Однажды, примерно за неделю до моего возвращения в Лейпциг, он постучался ко мне в номер около трех ночи. Не снимая плаща и шляпы, присел на край постели и необычно для него взволнованно и даже несколько невнятно стал объяснять про какое-то неотложное дело, требующее его срочного отъезда в Торнио. Бросив на ночной столик пачку писем, он попросил меня ответить на них самому в его отсутствие. «Помилуйте, – взмолился я, – но я же не в курсе дела! Я могу перевести только то, что вы сами напишете». На что Михаил Иванович еще более взволнованно стал меня уговаривать, что, дескать, ну давайте сделаем эксперимент, ответьте хоть на то, что сами поймете. Попытайтесь сделать это интуитивно – ошибка и неуспех попытки будут на его совести и ответственности.
Не дожидаясь ответа и уже направляясь к двери, он вдруг резко обернулся и совсем другим тоном бросил, чтоб я не забыл сделать копии моих ответов и вместе с письмами оставил их на его письменном столе. Он их прочтет первым делом, когда вернется.

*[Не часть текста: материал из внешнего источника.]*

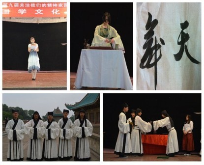 4月21日、4月27日,“国学文化周”活动在樱顶大学生活动中心和桂园操场进行了现场演绎。本着弘扬国学文化,体会古韵哲思,繁荣校园生活的宗旨,活动囊括了茶艺、古礼、太极、古琴、笛箫、书法等诸多国学文化表演。表演形式丰富多样,活动规模更显宏大。笛箫悠扬,茶香缭绕,礼仪肃穆,氤氲在国学营造的复古氛围里,让人如痴如醉。

На следующий день я проработал до ночи, не вставая из-за стола, и еще через день отправил все с первой почтой. На четвертый день он появился к завтраку, присел за мой столик, спросил кофе и сказал, что моей работой он очень, очень доволен. Что в четырех из шести ответов я проявил просто незаурядную деловую интуицию, совершенно не зная сущности дела (речь шла о портовом простое и о задержке с уплатой денег за ремонт судов), а в двух очень удачно выкрутился, опять же проявив способность к интуитивному схватыванию совершенно мне неизвестной ситуации. Затем он положил рядом с моим прибором конверт с деньгами (фантастическая сумма, которой мне хватило на два года) и спросил, что я обо всем этом думаю. Когда я, смутившись, стал бормотать о моей благодарности ему и о том, что я вряд ли когда-нибудь рискну пойти на подобного рода авантюры, он весьма типичным для него изящным жестом меня оборвал, выпил залпом свой кофе и сказал, что, пожалуй, на настоящий разговор времени нет, но что со мной ничего не произошло. Решительно ничего. Просто молодому человеку представилась возможность заработать немного денег, как, впрочем, и ему тоже. Такие ситуации – не для вникания. Они существуют только на поверхности. Глубину они могут обрести лишь при переживании их «мною».
«Сущность дела, – продолжал Михаил Иванович, вот что всегда останавливает мысль начавшего мыслить человека. Сущности дела – нет. Есть дело. Есть твоя неповторимая ситуация, из которой надо выйти по возможности живым и предпочтительно с честью – чтобы перейти к следующей. И так дойти до своей смерти, которая тоже – ситуация и, думаю, не последняя. Не так ли, der Alte? Вы обнаружили исключительную способность стать ситуацией, до того полностью вам неизвестной, чему немало способствовало именно ее не-знание. Знание сущности дела сразу же ставит вас в положение одного из участников ситуации, предубежденного и пристрастного. Интуиция делает вас всей ситуацией со всеми ее участниками, сторонами и обстоятельствами».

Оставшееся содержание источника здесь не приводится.